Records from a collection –
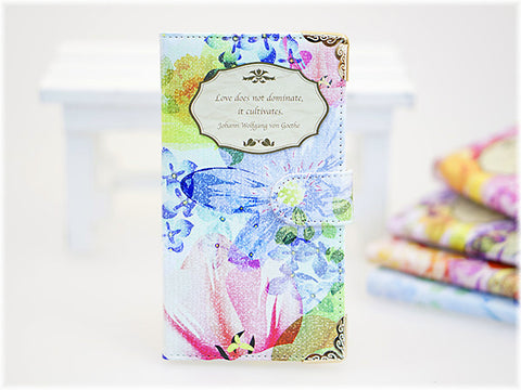 ヴィンテージ感あるエレガントなカラーリングに加え、ケースの四隅に控えめゴージャスなパーツをあしらって、さりげないおしゃれが楽しめます。中央のエンブレムプリント部分はは、ゲーテの有名な恋愛名言となっています。
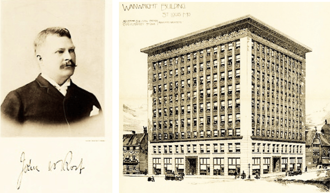 Left: Obituary photograph of Root in January 1891 Inland Architect; Right: Adler & Sullivan, Wainwright Building, St. Louis, 1890. (Inland Architect, Jan. 1891)
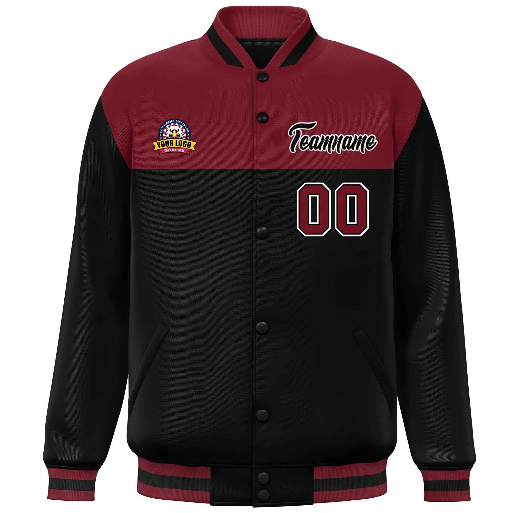 Custom Crimson Black-White Varsity Full-Snap Color Block Lettermen Baseball Jacket
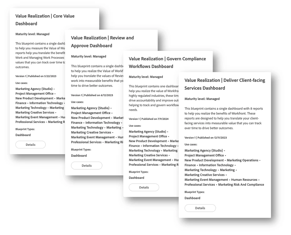 This bundle will help you realize the value you are getting from Workfront AND be able to share the outcomes with stakeholders in a meaningful and measurable way. Adopting the Value Realization Blueprints means you will have an instant view of recommended metrics that provide visibility into how work gets done.
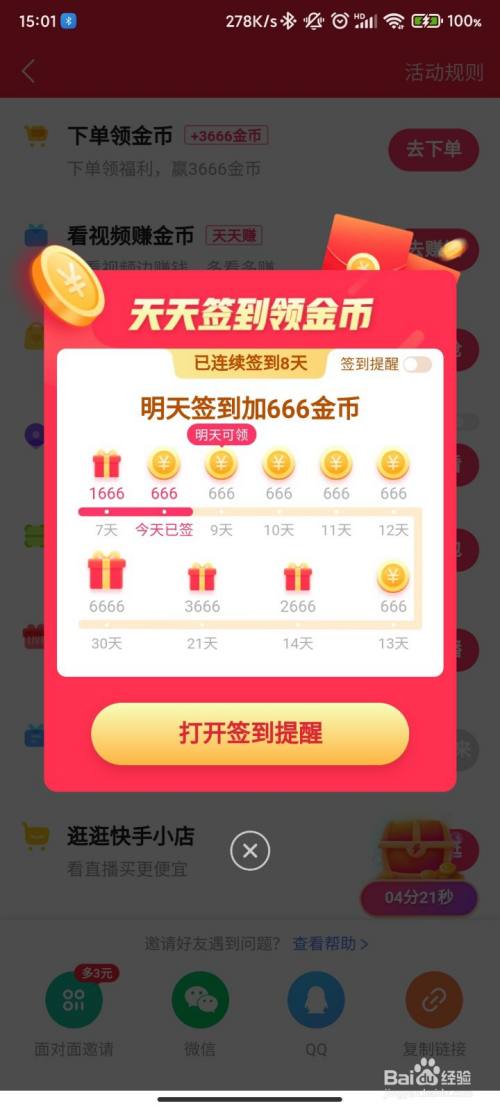 只要打开软件自动弹出签到页面,点击签到即可完成签到。

What you will do –
Print all of the records shown above exactly, leaving out each picture.

Output –
 ヴィンテージ感あるエレガントなカラーリングに加え、ケースの四隅に控えめゴージャスなパーツをあしらって、さりげないおしゃれが楽しめます。中央のエンブレムプリント部分はは、ゲーテの有名な恋愛名言となっています。
 Left: Obituary photograph of Root in January 1891 Inland Architect; Right: Adler & Sullivan, Wainwright Building, St. Louis, 1890. (Inland Architect, Jan. 1891)
 Custom Crimson Black-White Varsity Full-Snap Color Block Lettermen Baseball Jacket
 This bundle will help you realize the value you are getting from Workfront AND be able to share the outcomes with stakeholders in a meaningful and measurable way. Adopting the Value Realization Blueprints means you will have an instant view of recommended metrics that provide visibility into how work gets done.
 只要打开软件自动弹出签到页面,点击签到即可完成签到。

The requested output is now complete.